Task directions
The answer must consist solely of the lines below starting at the one containing "Plus, Chevrolet has" and ending at the one containing "Отбеливатель-пятновыводитель SYNERGETIC, с", repeated exactly, with both ends included and all pictures omitted.

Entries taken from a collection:
-=-=-=-=-

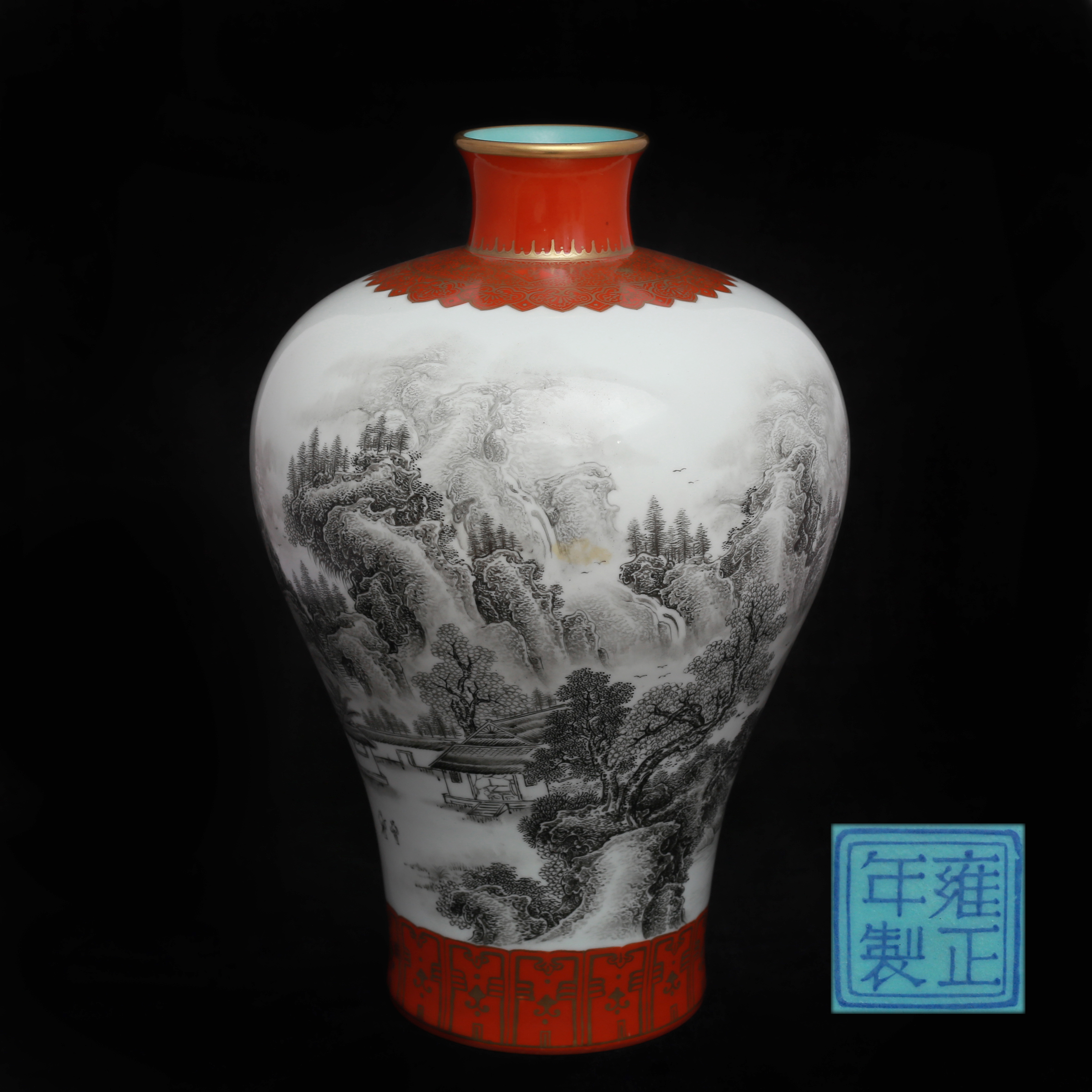 [863]大清雍正年制(款) 墨彩山水纹梅瓶
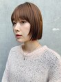 - 韓国/渋谷/ハイトーンカラー/前髪パーマ/ぱっつん前髪/ボブパーマ/アースカラー/シルキーベージュ
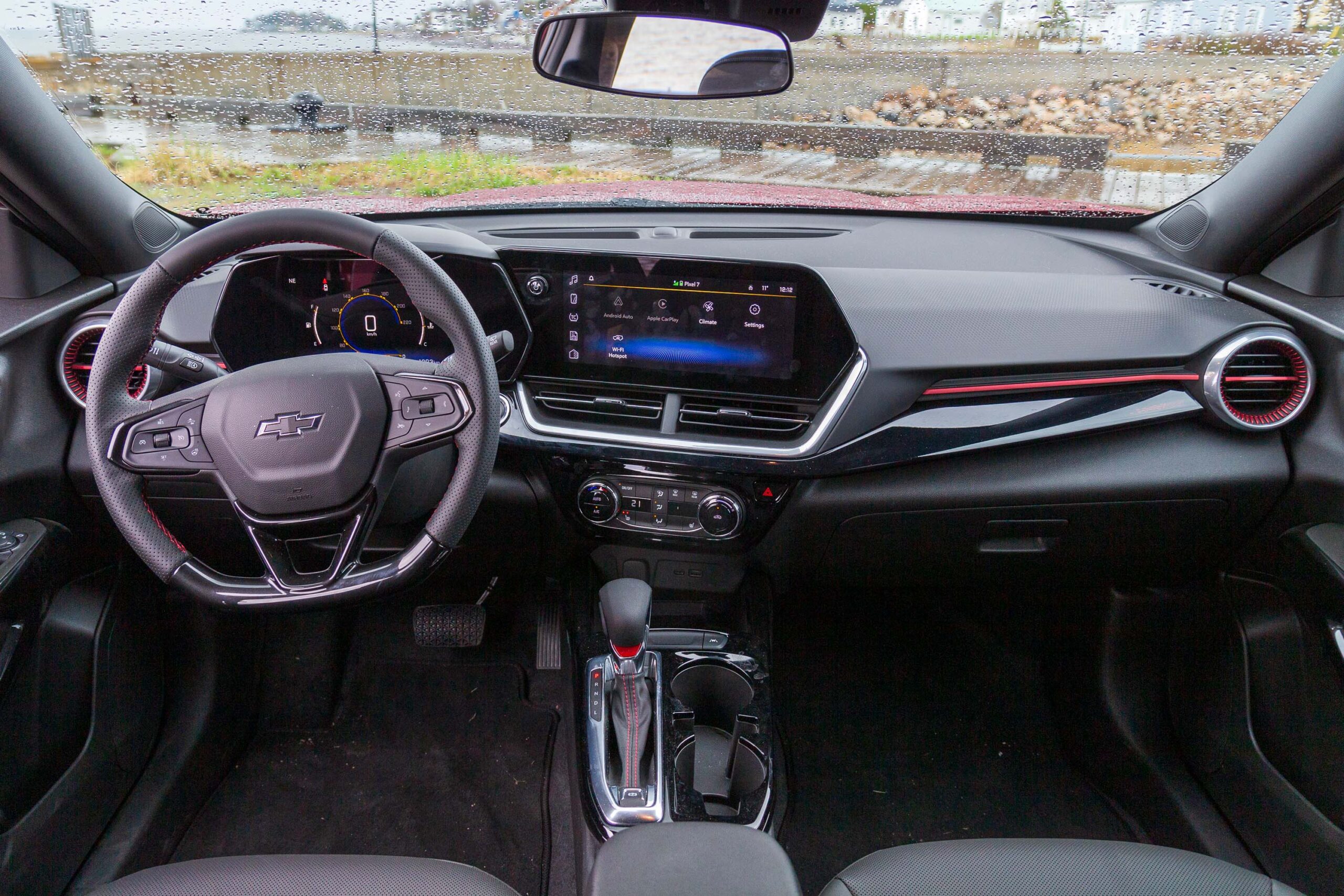 Plus, Chevrolet has added plenty of in-cabin flourishes. Lower trims get blue accents and a textured dash applique while RS grades get red trim and Activ has that acid-yellow piping along with your choice of black or light gray inlays on the dash or doors. The color change applies even inside the vents, and it makes this little crossover feel more fun.
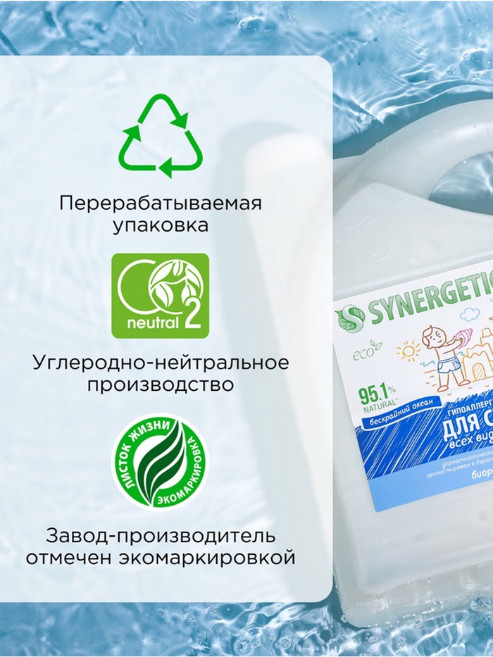 Отбеливатель-пятновыводитель SYNERGETIC, с активным кислородом, гипоаллергенный, биоразлагаемый, 25 стирок 8 фото
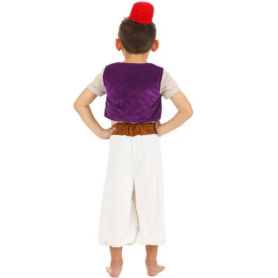 Disney Aladdin Costume for Toddler Boys: Kids can be rather charming, just like Disney’s Aladdin! Some love adventure and love going for that apple snuck right before meals. Then again, a heart of gold may lead them to share those treasured treats. If that sounds like your little one, get them dressed as the character they were born to play in our exclusive Disney Aladdin Toddler Costume! This licensed ensemble comprises four thoughtfully crafted pieces. A lightweight knit shirt with a notched collar and cuffed sleeves starts the look. A purple velour vest layers overtop. Included pants made of white fleece and featuring an elastic waistband ensure full-coverage comfort. A red velvet fez completes the look.Product Details:Crafted from a mix of polyester, cotton jersey knit, and velour, this costume brings Aladdin’s signature look to life in toddler sizeThe shirt showcases a stylish V-placket at the front, paired with a secure hook & loop fastener at the back, ensuring a comfortable fit for your little oneComplementing the shirt, the purple velour vest radiates royal vibes and boasts a full satin lining for added comfortFor easy movement and play, the pants are designed in soft fleece, accentuated by a faux suede waistband that features elastic at the backDesigned for a snug fit, the pants cuffs come with elastic and stop stylishly at mid-calfA charming touch is added with an appliqued patch and decorative stitching on the lower right leg of the pantsThe foam-backed velour fez hat, iconic to Aladdin’s look, is topped off with a stretchy chin strap for secure wearEnsuring the hat stays in place, the elastic chin strap easily attaches at its ends with a hook & loop fastenerOur officially licensed Aladdin Toddler Costume is ready to help your little one have amazing Aladdin adventures. About Us:Fun Costumes are exclusively made by us and begin with passion, teamwork, and industry expertise – proof that with the right people even a simple idea can grow into something incredible. We started in a small garage in Minnesota, and now we’re creating costumes for people all around the world.
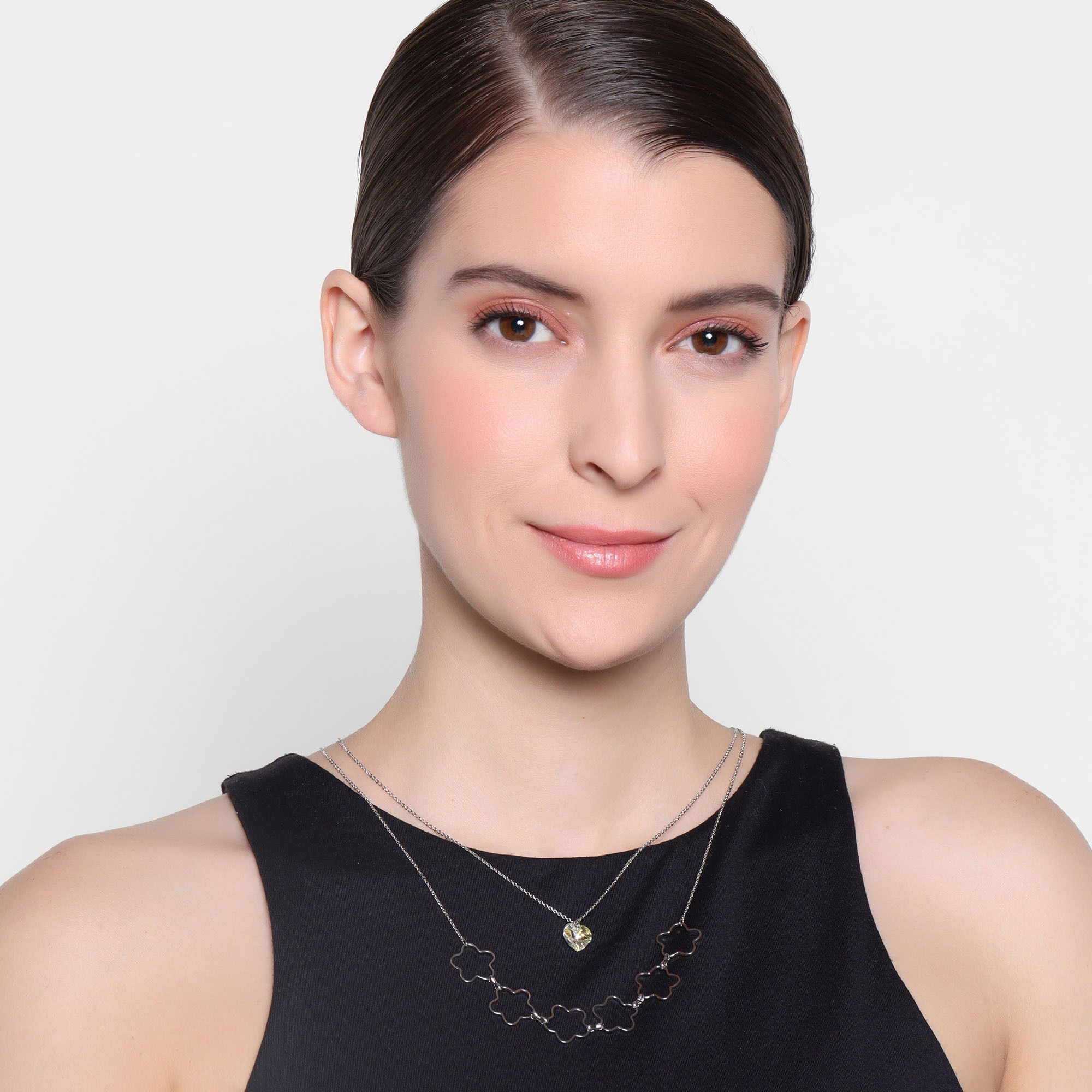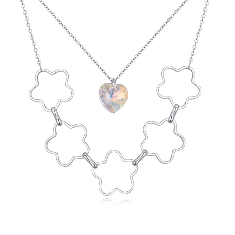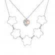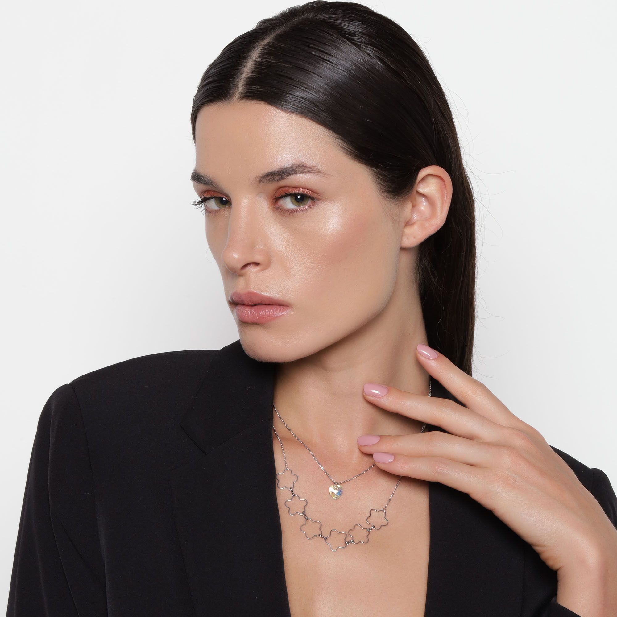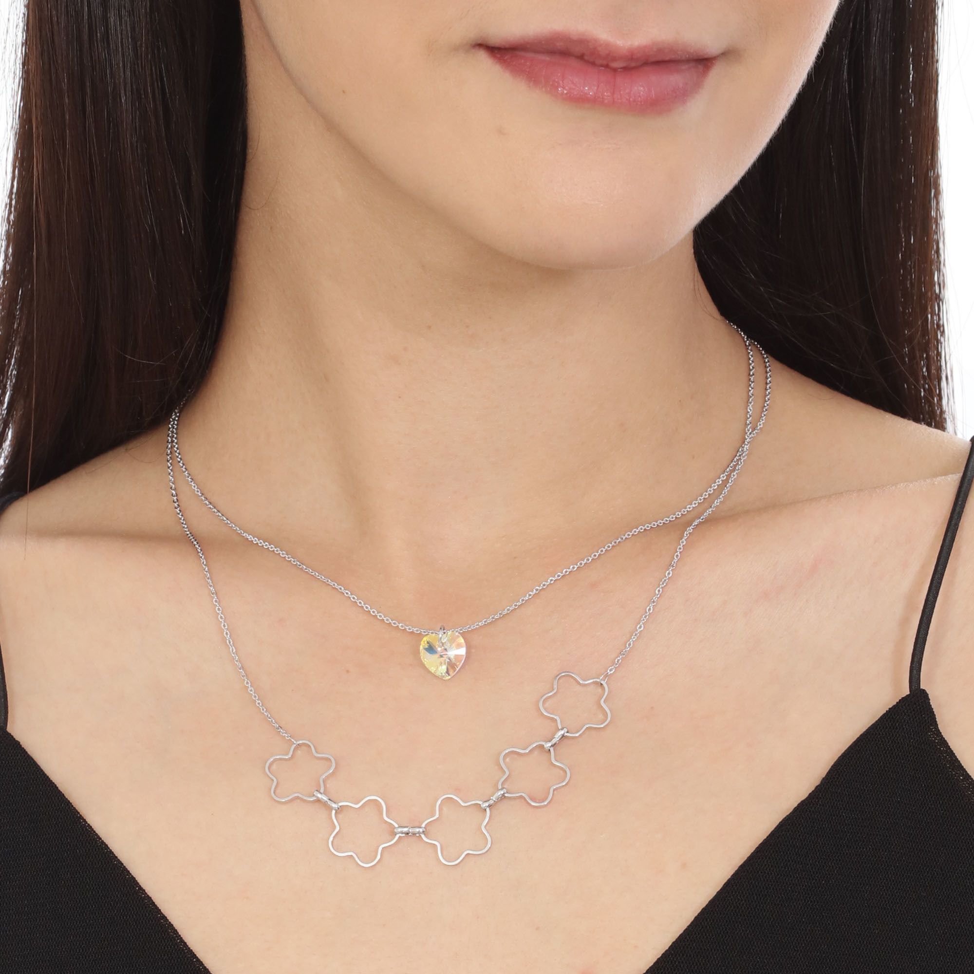 Precioso collar en baño de oro blanco de 18 quilates, diseño de flores con cristal corte corazón en color tornasol. Fabricado en una estructura de aleación de platino con rodio sin níquel.
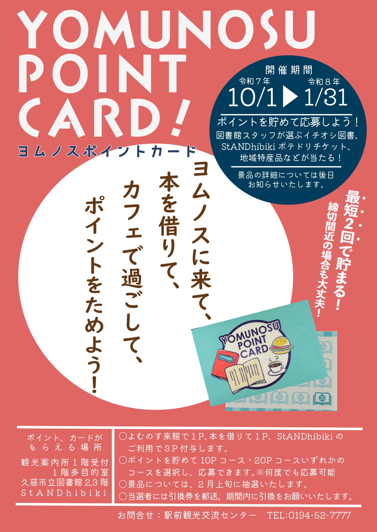 令和7年10月1日(水)~令和8年1月31日(土)の期間内にて、後期の『YOMUNOSUポイントカード』を開始します。

-=-=-=-=-

Your solution
 Plus, Chevrolet has added plenty of in-cabin flourishes. Lower trims get blue accents and a textured dash applique while RS grades get red trim and Activ has that acid-yellow piping along with your choice of black or light gray inlays on the dash or doors. The color change applies even inside the vents, and it makes this little crossover feel more fun.
 Отбеливатель-пятновыводитель SYNERGETIC, с активным кислородом, гипоаллергенный, биоразлагаемый, 25 стирок 8 фото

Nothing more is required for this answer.